Contudo, apesar de toda essa loucura que é o futebol brasileiro, nem tudo é mal. Alguns clubes têm tentado investir em trabalhos maiores e, dos 20 atuais comandantes da Série A, sete ultrapassam já a média de seis meses apontada no início do texto. Destaques para Abel (Palmeiras) e Vojvoda (Fortaleza), únicos com trabalhos de mais de dois anos, e também Mano Menezes (Internacional), Luís Castro (Botafogo), Fernando Diniz (Fluminense) e Vagner Mancini (América-MG), que passam da marca de um ano.

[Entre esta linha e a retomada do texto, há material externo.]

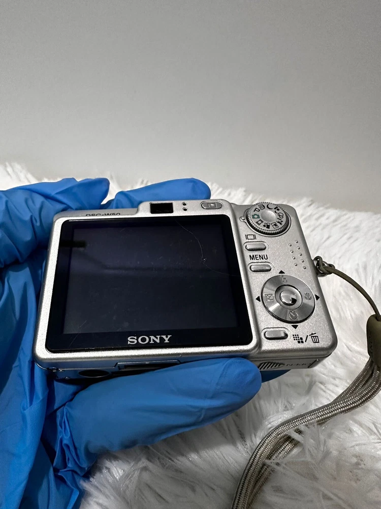 This listing is for a fully working Sony Cybershot DSC-W50 6.0MP Silver Digital Camera with its original box. Camera is fully tested & fully works. Camera is in fantastic condition, with very light use and very minor scratches in places. Comes with charger, av leads, software disk, manual and original box. Sd card is not included (readily available). Red camera shown in the photos is for demonstration only and is NOT INCLUDED! Any questions please feel free to ask.

Mano e Mancini que estão, por acaso, com o cargo em risco, assim como o recém-chegado ao Corinthians Vanderlei Luxemburgo. Apesar disso, a expectativa é que este seja um parâmetro decrescente no Brasil a medida em que o futebol no país evolua. Os grandes trabalhos de Abel e Vojvoda, assim como os cada vez mais valorizados trabalhos de Castro e Diniz abrem a porta a ideia de que manter um treinador mesmo que num momento conturbado, como fez o Botafogo, pode render frutos a longo prazo. A equipa carioca sofreu grande pressão para despedir Luis Castro, mas apoiou o seu treinador e é hoje líder do Brasileirão.
O futebol brasileiro é, historicamente, um ambiente hostil para os treinadores, que acabam por ser despedidos com poucos meses de trabalho. É uma prática normalizada há décadas e que não escapa a ninguém, nem mesmo ao atual campeão da Libertadores, como vimos. Essa “dança das cadeiras” torna o Brasil num autêntico “triturador de treinadores” e dificulta o desenvolvimento do futebol no país. É acompanhar de perto os próximos capítulos na expectativa de um futuro melhor para o futebol brasileiro.

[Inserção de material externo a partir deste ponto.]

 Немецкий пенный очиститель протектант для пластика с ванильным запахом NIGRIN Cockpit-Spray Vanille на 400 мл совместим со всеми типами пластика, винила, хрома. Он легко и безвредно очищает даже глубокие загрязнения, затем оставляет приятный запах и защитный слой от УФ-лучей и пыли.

Fica uma mensagem de apoio a Vinicius Júnior, do Real Madrid, que tem sido vítima recorrente de racismo em Espanha. O racismo, assim como qualquer outro tipo e violência, não pode ser aceite! Não se trata de opinião, provocação, expressão nem o que quer que seja, trata-se de um crime. Não ao racismo, nem hoje, nem nunca! O racismo mata.
“Enquanto a cor da pele for mais importante que o brilho dos olhos, haverá guerra”.
Força, Vini. Força, vítimas de violência ao redor do mundo. Seguimos juntos nesta luta.